12 Days of Learning

The greatest challenge for developers who want to stay on the forefront of technology is the sheer amount of innovation happening everywhere. It is simply overwhelming for anyone to know everything. My advice for people starting out is to focus on one stack, e.g. React web apps, and get really comfortable with it so you build a solid technical foundation. It is still natural to feel like you’re falling behind when others talk about some cool tech they used. I feel it all the time, to be honest.

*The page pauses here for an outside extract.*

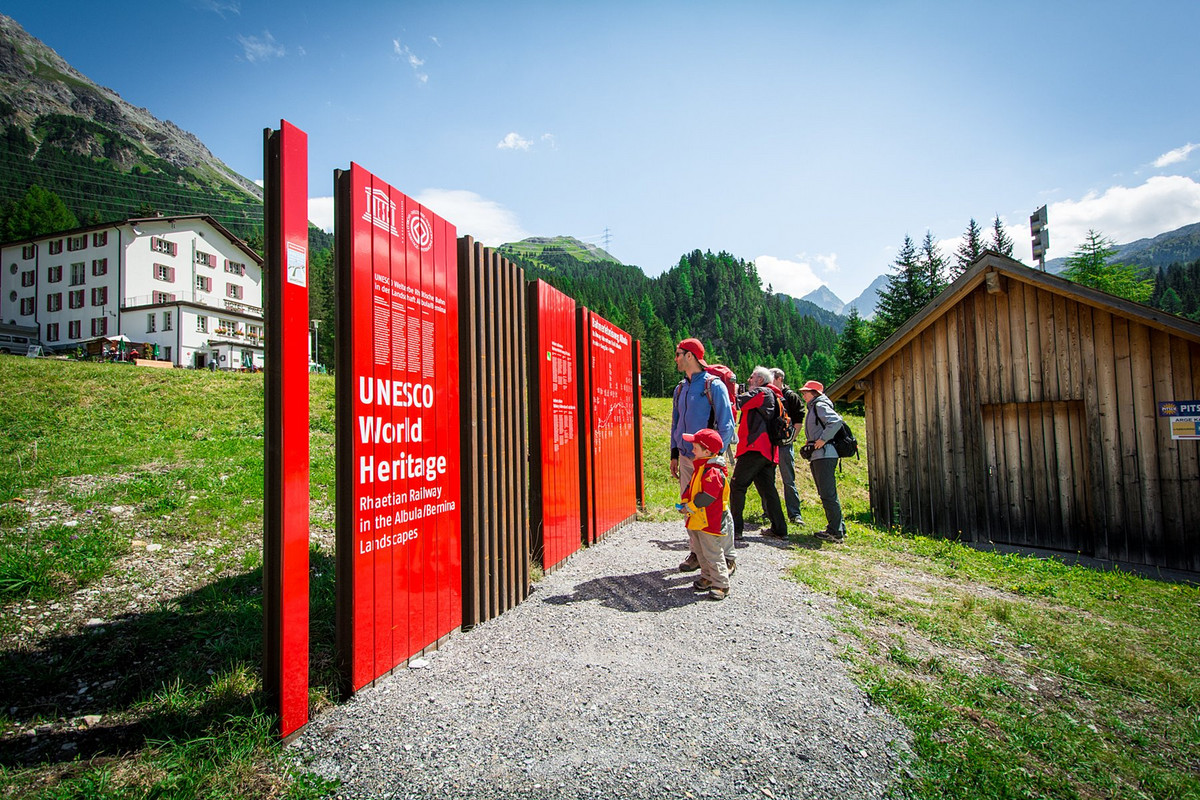 On the section from Preda down to Bergün there is the adventure trail, a two and a half hour hike with information about the most spectacular railway line in the world. Information boards convey exciting current and historical information and give an insight into the world of railways, technology, culture and everyday life of the Rhaetian Railway - and the people of the Albula Valley. Non-railway fanatics are also enthusiastic here, and family fathers explain to their boys (and girls) how a helical tunnel works with perfectly understandable arm movements.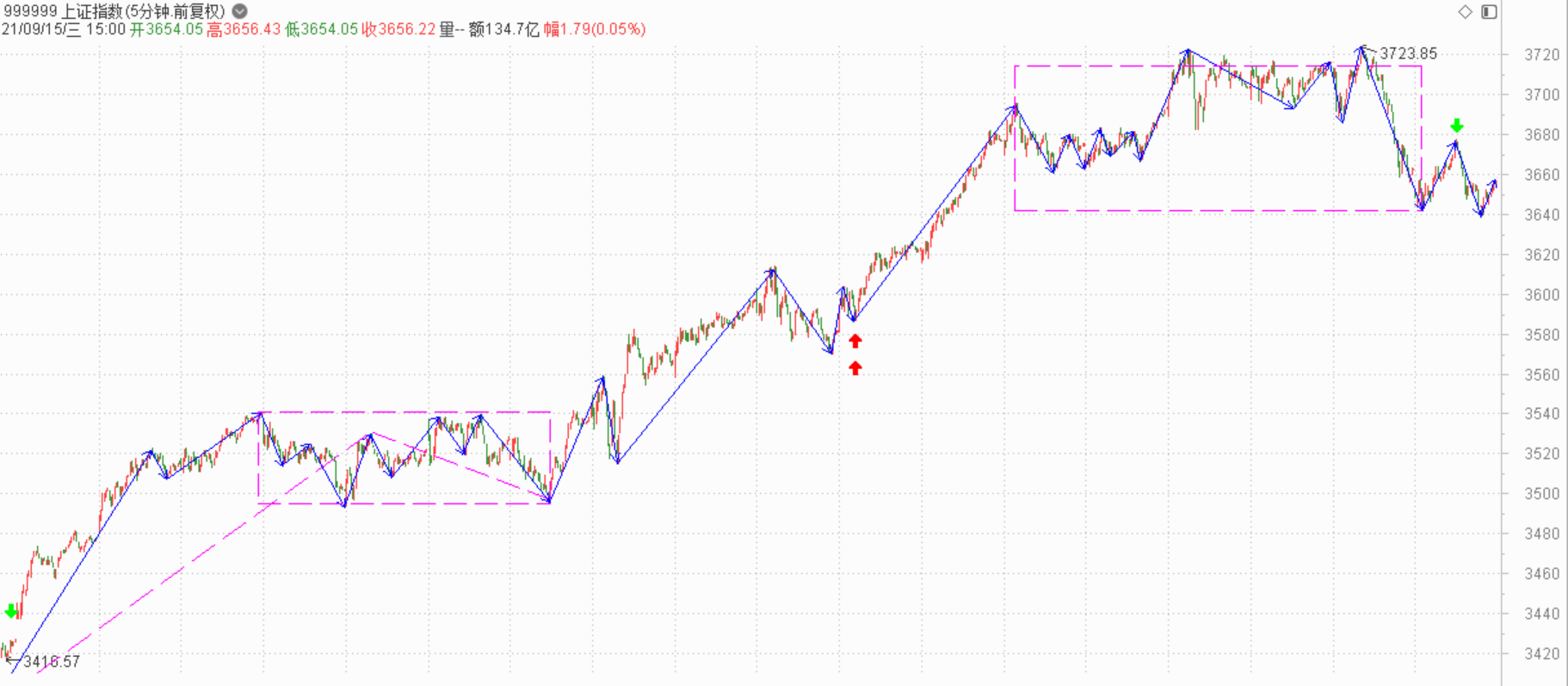 后面向下线段的补仓,注意一定要是最后离开段,否则没意义,并且注意,三笔下跌的,如果第三笔相比第一笔没有背驰,那就等待第五笔,今天就是。今天的下跌线段,跌破第一笔后,后面两次绿柱的急跌,都没有发生量价背驰的现象,证明这里并不是底部,直到收盘前,这里绿柱明显异常,最后一根大绿柱,但是成交量只有前面小绿柱的一半多一点,显著异常,并且这里还是五段下跌的第五段,所以这才是真正的低点。

I am in the middle of changing jobs and had roughly two weeks of ‘me’ time. I was planning to take a holiday but the Covid-19 pandemic scuppered any thoughts of that nature. Therefore, I decided to make this a time of learning instead. I called it my “12 Days of Learning” - one new tech each workday. My goal was not to become an expert on each topic by the end of 8 hours, but to know enough to hold a conversation about it. This means I:

  • Understand the rationale behind this technology
  • Know the right scenarios to apply this technology
  • Possess basic hands-on knowledge and can read the syntax

I had set out an ideal plan of what I wanted to learn but real life has a way of throwing banana peels to slip on. I adapted my plans, and the following is a summary of my thoughts on each technology I picked up, along with the learning resources I used. Here’s why I picked those subjects:

  • Must cover a large surface area. I selected topics around web, backend, databases, and infrastructure.
  • I wanted to learn about the clever architectures, designs, and decisions made by people much smarter than I am.
  • It would be unlikely for me to use some of those subjects professionally, e.g. Ethereum blockchain programming and Kafka.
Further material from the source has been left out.